Someone came in today to get her contacts polished. Somebody did the polishing but did not finish with a peroxide cleaning -nor a boston conditioner rubbing/cleaning to remove the polish.She used the rinse with water which does not work. Result ? Superficial abrasions on both eyes.I can't believe that the opticians who still actually polish contacts do not use peroxide to remove polish and to immediately disinfect their contacts. Again,you rub the peroxide into the len as you are rinsing it with tap water. It will feel squeeky clean. It will be clean. When doing an enzyme cleaning on a gas perm, use peroxide instead of saline and the enzyme softened protein comes right off. To those of you who scoff about this -I've used this successfully 28 years with never a reaction. And my pts  do not get reactions after I  polish their contacts.

----------


## eromitlab

I feel bad that I haven't been posting any questions... instead I'm runnin' my mouth off in other threads like a yahoo instead of learning something, which is why I come here... so... I have a question for those that are far more learned than I.

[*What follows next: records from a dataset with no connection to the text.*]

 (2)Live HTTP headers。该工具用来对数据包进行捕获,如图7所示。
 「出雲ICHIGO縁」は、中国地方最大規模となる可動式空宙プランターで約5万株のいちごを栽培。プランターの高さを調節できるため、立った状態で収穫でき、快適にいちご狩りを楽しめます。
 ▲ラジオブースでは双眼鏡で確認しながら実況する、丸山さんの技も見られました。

with respect to RGP materials: I have been researching RGP materials a little bit, just to see what's available to me and so I can be more familiar with them... it got me thinking about the hyper-Dk materials on the market and I came down to Menicon's Z material, which surprisingly to me, is approved for up to 30 nights of continuous wear (I didn't realize that wearing RGPs continuously for days was safe). 

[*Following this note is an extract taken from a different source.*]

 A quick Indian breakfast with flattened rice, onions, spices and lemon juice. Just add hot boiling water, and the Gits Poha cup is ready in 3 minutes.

My question: What are your feelings on continuous wear modality for rigid contacts? Is it something you would say should be avoided entirely, or under a very strict set of circumstances would it be acceptable to you? 

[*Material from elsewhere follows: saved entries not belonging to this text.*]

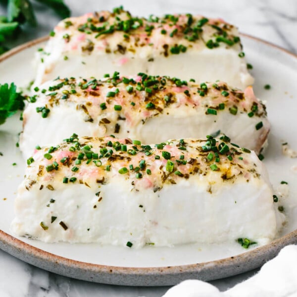 Don’t forget about halibut for a high-protein white fish! It cooks easily in the oven, and the herb mayo spread I put on top tastes oh, so good! (32g of protein per serving)
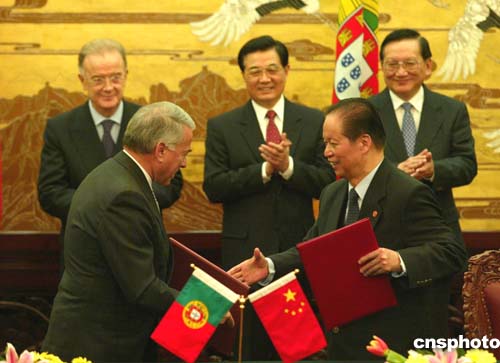中國與葡萄牙一月十二日在北京簽署多個(gè)雙邊合作協(xié)議文本,中國國家主席胡錦濤與葡萄牙總統(tǒng)桑帕約出席簽字儀式。作者:滿會(huì)喬
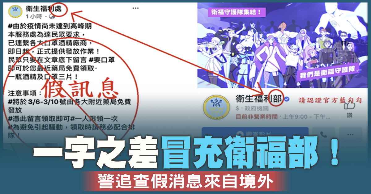 【新唐人亞太台 2020 年 03 月 07 日訊】正當防疫作戰期間,網路上卻是假訊息頻傳,甚至由假冒海軍司令部訊息,提到新兵訓練中心有人確診中共肺炎,中央流行疫情指揮中心執行官周志浩今天下午表示,已和軍方聯繫,確認沒有這個訊息。海軍司令部隨後也緊急召開記者會,鄭重澄清沒有發布任何有關疫情新聞稿,籲請國人勿傳播及聽信不實訊息,將追究造謠者的責任。另外,臉書最近也出現一個名為「衛生福利處」的粉絲專頁,以相似名稱冒充「衛生福利部」,並使用相同照片作為大頭照,企圖混淆民眾視聽,並張貼假訊息文章,刑事局表示,不排除假訊息可能來自境外,已著手追查,也提醒民眾切勿相信不實謠言。據剛立法通過的特別條例規定,傳播疫情假訊息,最高可關三年,罰新台幣3百萬!
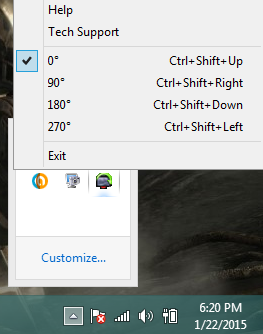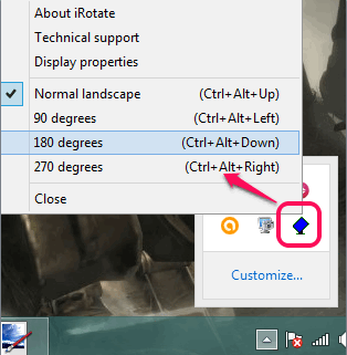 iRotate is another standalone application that works only from the system tray. After installation, you can right-click on its system tray to access its options. It provides options to rotate screen 180 degrees, 270 degrees, 90 degrees, and back to Normal landscape mode.
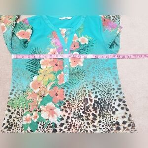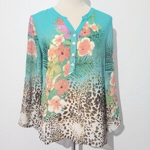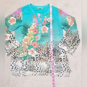 Soft Surroundings Tropical Floral Leopard Tunic Top Teal 3/4 Sleeve Size Medium

as a side note: I can see where the benefit could instantly be appreciated in an orthokeratology application, but that's usually where patients are sleeping in their lenses anyhow and leaving them out during waking hours, and possibly the increased lens flexure may not be acceptable for maximum effectivity, however, I digress... I'll ask about orthokeratology stuff at a later time.

----------


## chip anderson

My feelings on exteended wear.  Except in those situations where there might be a compelling indication (i.e. combat, a romatic weekend where you want to see what your are enjoying), extended wear is foolish.  My attitude might be different if I were so impared that I couldn't see who was on the other side of the bed.  But as a rule I tell my patients: "Like your mother said: Any thing you sleep with is more likely to give you problems."
Now as to the little known and oft forgotten facts.
I once saw Fred Danker remove a PMMA lens that he had worn continuously for 27 years without damage.  He had forgotten how to remove it and he didn't belive the posterior surface needed to be polished.
I once read a report from a group of ophthalmolgist in Boston who as a an experiment built up to 24 hr a day wear in PMMA lenses, wore them for 90 days (without damage) and reported that that had discomfort after removal.  Eventually had to use a removal (reverse wearing) schedule to wean themselves away from the lenses.
Of course this is back when we felt the mechanics and skill of the fitter was more important than the material.

Chip

----------


## xiaowei

> My attitude might be different if I were so impared that I couldn't see who was on the other side of the bed. But as a rule I tell my patients: "Like your mother said: *Any thing you sleep with is more likely to give you problems*."
> 
> Chip


I really like this one!:bbg: 
But at least, you should be able to recognize what caused the problems......:D:D

----------


## eromitlab

Hey folks, I have another question:

Does anyone know of a resource that has a listing of specific soft lens specs, like OZD, lens edge thicknesses and other technical data? I know that the TQ is probably the most complete general lens reference, but... I am wondering if there is a more detailed accounting of lens data out there.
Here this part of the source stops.